But for now, I just identify with the simple term “sex positive.” It's a compact term that contains a lot of information. While to me the term means a lot, I do get a lot of blank looks when I use it.
When I say it in conversation, I hear a lot of, “Sex-positive — who doesn't love sex?”
I inevitably have to clarify that in this context, positivity and enthusiasm are not the same things. The term is an attempt to address the individual and social place of sex and sexual identity. Sex-positivity boils down to the view that sex is a healthy and necessary part of human existence. It's about acceptance and inclusion of the ways individuals choose to express themselves sexually.
But to really understand the term sex-positive, it needs to be contextualized in the history of sexual characterization. Historically, sex has been pathologized in our culture, treated as something dirty and harmful. Moral authorities throughout Western history have shaped how we as a society view sex, labeling it as sinful and indecent. In the 19th century, science was invoked to shift the connotations of sex to something more pathological. This process imparted false, negative associations between sex, disease and other physiological and psychological afflictions. These ingrained connotations still resonate in how our society approaches the social and personal place of sex today.
This is impounded by structures in place that define what is “normal” and “acceptable” sex, and what is degenerative and wrong. For example, the distinction that sex for procreative purposes is valid and acceptable, but sex for pleasure is “unnatural” and “sinful,” or that sex between certain combinations of individuals is natural, while others are unnatural. (If you're interested in a more in-depth analysis of this history, Michel Foucault's “History of Sexuality Vol. I” offers a great breakdown)
All these things contribute to an overarching sex-negativity that is prevalent in our culture. It can be found in the language used around sex, the framing of news stories around issues involving sex, the way we teach about sex and how we approach the political dimension of sex.
Sex-positivity is a counter-perspective that attempts to disentangle sex from associations of morality and pathology. It's a disowning of this belief that sex is inherently dirty, shameful and/or wrong. Instead, sex is an inherent and natural part of human identity, and no expression of sex and sexuality is more valid than any other. Sex-positivity is about celebrating sexual diversity.
As a sex-positivist…
I believe in being inclusive of all expressions of and approaches to sexuality. As long as it involves consensual participation of adults and causes no psychological or physical harm to the participants, all sexual expressions are equally legitimate. This includes kinks and non-monogamous identifications. Also, no one sexual identification is better or more “normal” than any other. This includes accepting the sexual expression of all races, genders, classes, orientation, ability, age without preconceptions or discrimination.
I believe in acknowledging each individual's ability to decide whether or not to engage in sexual activity, and not judging how and for what reasons they choose to do so (as long as it is consensual). People have the right to make their own choices around sex. There are many reasons why people choose to engage or not engage in sexual activity.
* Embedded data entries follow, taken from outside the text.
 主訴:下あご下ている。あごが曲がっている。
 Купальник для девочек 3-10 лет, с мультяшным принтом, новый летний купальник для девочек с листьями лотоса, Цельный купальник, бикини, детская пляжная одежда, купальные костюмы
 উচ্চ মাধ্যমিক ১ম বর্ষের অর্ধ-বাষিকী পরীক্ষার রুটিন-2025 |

I believe sex for pleasure is a worthwhile pursuit and sexual expression is a necessary part of being human. Sex and sexuality are inherent to being human, and the experience of sex should not be shamed or maligned. And therefore…
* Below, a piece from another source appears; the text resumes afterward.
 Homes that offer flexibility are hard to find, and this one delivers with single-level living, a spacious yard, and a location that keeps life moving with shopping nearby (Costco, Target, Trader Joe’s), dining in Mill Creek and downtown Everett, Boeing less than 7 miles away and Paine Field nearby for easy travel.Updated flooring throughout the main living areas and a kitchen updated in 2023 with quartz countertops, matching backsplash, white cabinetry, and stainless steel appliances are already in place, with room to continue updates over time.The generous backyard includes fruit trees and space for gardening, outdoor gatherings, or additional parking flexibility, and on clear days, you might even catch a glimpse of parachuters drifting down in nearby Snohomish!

I believe sex should be talked about. One of the worst ways shame is perpetuated is by silence. By not moralizing sex as an act within itself, the desire to curb public conversations loses strength. Talking is also a key component to undermining victim blaming directed toward victims of sexual violence and the dehumanizing of sex-workers.
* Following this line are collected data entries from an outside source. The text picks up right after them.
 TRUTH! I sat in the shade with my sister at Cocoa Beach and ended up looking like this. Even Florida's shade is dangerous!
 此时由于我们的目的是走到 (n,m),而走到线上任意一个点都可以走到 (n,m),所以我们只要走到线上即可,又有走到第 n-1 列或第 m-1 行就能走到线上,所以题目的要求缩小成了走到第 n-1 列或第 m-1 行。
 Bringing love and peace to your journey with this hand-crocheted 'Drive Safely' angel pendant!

I believe in comprehensive, age-appropriate, pleasure-inclusive sex education. This means making sex education more than about anatomy and STIs. Discussions of consent, pleasure, and the emotional component are as equally important. So much misinformation and judgment is disseminated around sex. People are more likely to make poor and uninformed decisions without sex education. We should teach people about all-dimensions of sex without judgment or shame, and start the conversations that will allow everything to lead healthy and happy sex lives.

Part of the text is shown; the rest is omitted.